§ **YOUR GOAL**
Return all the lines below exactly as written. Drop every picture.

§ **SOURCE DATA**

============

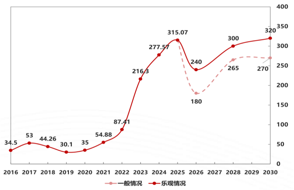中國(guó)儲(chǔ)能網(wǎng)訊:歲末年初,多家機(jī)構(gòu)下調(diào)了國(guó)內(nèi)光伏新增裝機(jī)預(yù)期。中國(guó)光伏行業(yè)協(xié)會(huì)預(yù)測(cè),2026年,國(guó)內(nèi)光伏裝機(jī)規(guī)模將從2025年315.07吉瓦的實(shí)際裝機(jī)規(guī)模降至180~240吉瓦,之后緩慢回升,到“十五五”末期回到與2025年持平區(qū)間。彭博新能源財(cái)經(jīng)(BNEF)光伏產(chǎn)業(yè)分析師表示,2026年中國(guó)的光伏新增裝機(jī)將出現(xiàn)下滑,預(yù)期規(guī)模為264吉瓦(交流側(cè))左右。國(guó)金證券在其光伏2026年度策略中指出,2026年國(guó)內(nèi)裝機(jī)較大概率出現(xiàn)光伏平價(jià)以來(lái)的首次負(fù)增長(zhǎng)。
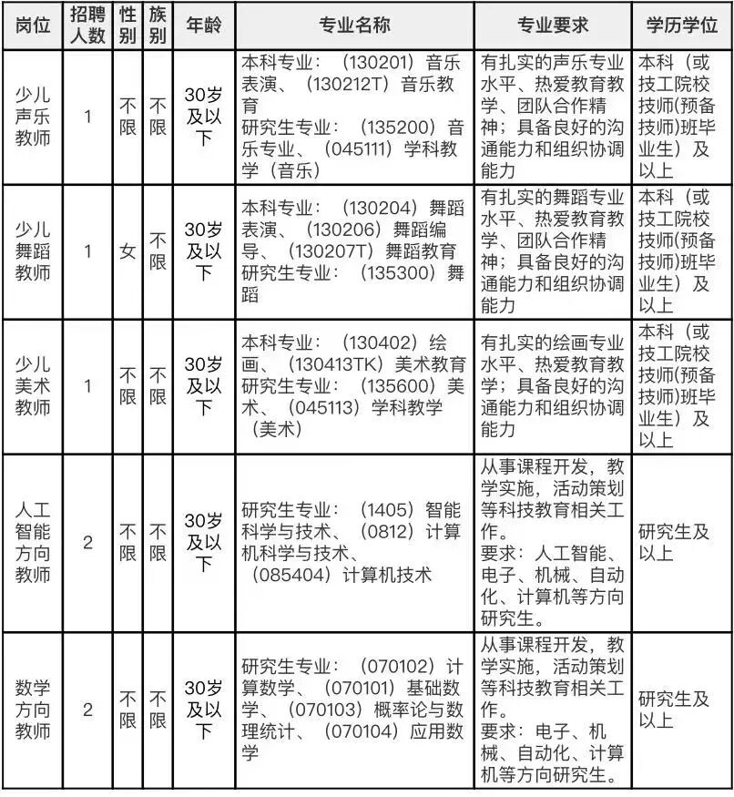因中心发展需要,现面向社会公开招聘事业编制教师7名,其中声乐、舞蹈和美术教师各1名,人工智能方向教师2名,数学方向教师2名。具体见附件1。
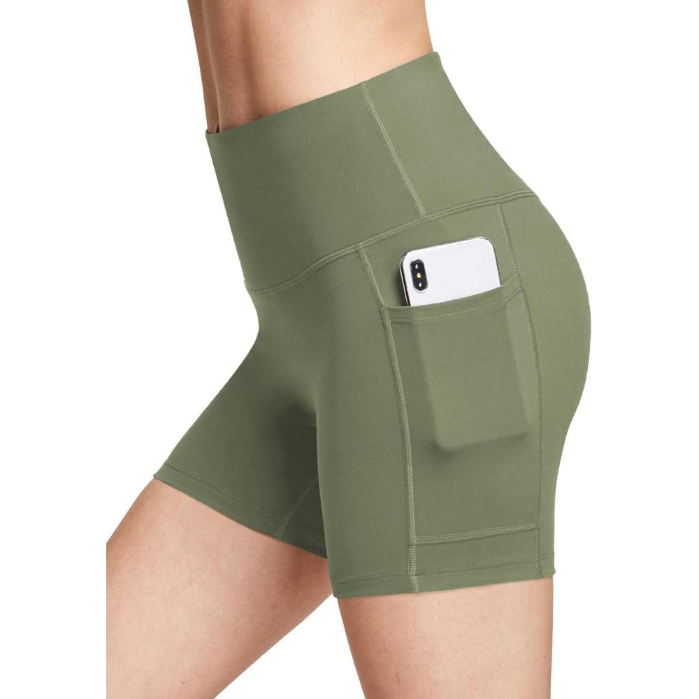 baleaf Women’s 8″/ 5″/ 3″ Biker Shorts High Waist Yoga Workout Gym Running Volleyball Spandex Shorts with Pockets(Navy Green-softer)

============

§ **ANSWER SPACE**
中國(guó)儲(chǔ)能網(wǎng)訊:歲末年初,多家機(jī)構(gòu)下調(diào)了國(guó)內(nèi)光伏新增裝機(jī)預(yù)期。中國(guó)光伏行業(yè)協(xié)會(huì)預(yù)測(cè),2026年,國(guó)內(nèi)光伏裝機(jī)規(guī)模將從2025年315.07吉瓦的實(shí)際裝機(jī)規(guī)模降至180~240吉瓦,之后緩慢回升,到“十五五”末期回到與2025年持平區(qū)間。彭博新能源財(cái)經(jīng)(BNEF)光伏產(chǎn)業(yè)分析師表示,2026年中國(guó)的光伏新增裝機(jī)將出現(xiàn)下滑,預(yù)期規(guī)模為264吉瓦(交流側(cè))左右。國(guó)金證券在其光伏2026年度策略中指出,2026年國(guó)內(nèi)裝機(jī)較大概率出現(xiàn)光伏平價(jià)以來(lái)的首次負(fù)增長(zhǎng)。
因中心发展需要,现面向社会公开招聘事业编制教师7名,其中声乐、舞蹈和美术教师各1名,人工智能方向教师2名,数学方向教师2名。具体见附件1。
 baleaf Women’s 8″/ 5″/ 3″ Biker Shorts High Waist Yoga Workout Gym Running Volleyball Spandex Shorts with Pockets(Navy Green-softer)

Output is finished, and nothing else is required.